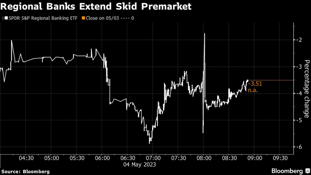 The KBW Regional Banking Index slumped, extending this year’s rout to 31%. The volatility Thursday as Western Alliance denied the Financial Times report “highlights the fragility of the market,” Bloomberg Intelligence analyst Herman Chan wrote.
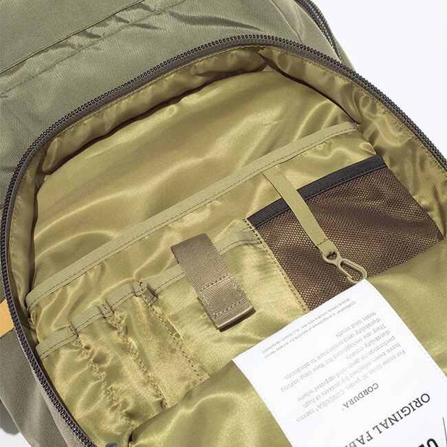 Cordura®初の100%リサイクルナイロンテキスタイル「Cordura® re/cor™」を使用した、高機能バックパック。420デニール糸を高密度に織り上げることで、軽量でありながらCordura®の厳しい基準をクリアする強度・耐久性を実現しました。
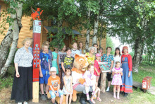 А дети при помощи разноцветных мелков и трафаретов проложили дорогу от парка, где установили арт-объект, до здания музея. Теперь грифоны и львы, сирины и гарцующие кони сопровождают гостей в музей и напоминают о тех временах, когда люди верили в реальность существования мифических существ и привлекали их на службу покоя домашнего очага, о чём свидетельствуют памятники народной живописи.
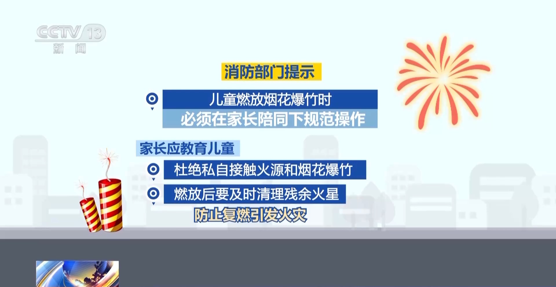 消防部門提示,兒童燃放煙花爆竹時,必須在家長陪同下規(guī)范操作。家長應教育兒童杜絕私自接觸火源和煙花爆竹,燃放后要及時清理殘余火星,防止復燃引發(fā)火災。

==============================

* About this task: Retype exactly. Include each line from the start of the material through the line holding "Cordura®初の100%", and leave the pictures out.

* Reply:
 The KBW Regional Banking Index slumped, extending this year’s rout to 31%. The volatility Thursday as Western Alliance denied the Financial Times report “highlights the fragility of the market,” Bloomberg Intelligence analyst Herman Chan wrote.
 Cordura®初の100%リサイクルナイロンテキスタイル「Cordura® re/cor™」を使用した、高機能バックパック。420デニール糸を高密度に織り上げることで、軽量でありながらCordura®の厳しい基準をクリアする強度・耐久性を実現しました。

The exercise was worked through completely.